Unlike its foreign deployments, though, Pepper in HSBC's U.S. bank branches will not take payments or deposits. And even though the robot has been used in other industries and with other banks, there are still barriers to Pepper working seamlessly.

When Pepper isn’t connected to Wi-Fi, the robot loses its ability to access the cloud and provide as much information to customers. Every response is scripted, which helps Pepper make sense, but also limits the robot’s ability to answer questions where a question and answer have not yet been added into its networked brain.

Also, Pepper's face recognition is disabled if the robot has a bright light shining directly in its face.

“But all those things are advancing over time,” said Omar Abdelwahed, head of studio at Softbank Robotics. “For her face, we’ll probably install some shades of some sort.”

The number of robots purchased was not disclosed, but there could be one or two at the branch at any given time. HSBC said each robot is leased for three years at a cost of $25,000, which includes maintenance. The robot deployment is part of HSBC’s $131 million investment in retail called the Retail Transformation Program in the U.S.

Eventually, the bank hopes that with enough development and discussions with regulators the robot will be able to recognize HSBC customers on the street.

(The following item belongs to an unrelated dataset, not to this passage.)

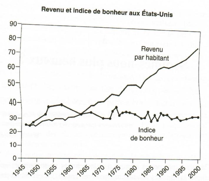 Mon livre de chevet favori (bon, c’est vrai il n’est pas seul, la pile à mon chevet menace parfois sérieusement mon sommeil) , j’ai nommé “le prix du bonheur”** , m’indique bien que depuis quarante ans le pouvoir d’achat a eu beau doubler, le bonheur des riches comme celui des pauvres n’a pas augmenté d’un poil ( voir fig et son commentaire ci dessous).
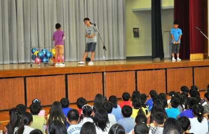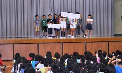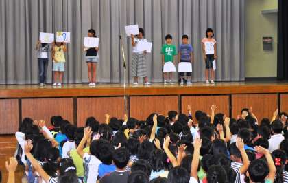 先週に引き続き、朝の児童集会で委員会紹介を行いました。図書委員会は、図書館の使い方を伝えました。運動委員会は、ボールや一輪車、竹馬などの道具の借り方・返し方を寸劇で伝えました。飼育栽培委員会は、花壇や観察池、鳥小屋での注意事項をクイズ形式で伝えました。生活委員会は、窓の戸締まりについて注意を促しました。五条川小学校のみんながルールを守り、気持ちよく生活していけるといいですね。

“The future of this tech is all about loyalty and rewards,” Abdelwahed said. “It could look you up in a database and realize that this is a big customer or that you bought a mortgage last time and ask, 'How is that mortgage doing? Did you know interest rates are lower now?' ”

In expanding where Pepper is deployed, HSBC will likely stick to coastal cities, eyeing Seattle as it’s next target, Sanchez said. The bank wants to install the robots where potential customers won’t be frightened by them and where millennial customers might engage with the robot.

"We don’t tell our customers what we should call her," Abdelwahed added. (In Japan, he noted, Pepper is considered a male robot.)

For Balkin, Pepper is also a way for HSBC to compete on Fifth Avenue.

“Even Tiffany's is trying to get foot traffic with their ‘Breakfast with Tiffany's,’ ” he said, referring to the jewelry store's cafe launch last year. “Banking hasn’t changed yet, because banking is this last boring industry — we don’t accept that hypothesis.”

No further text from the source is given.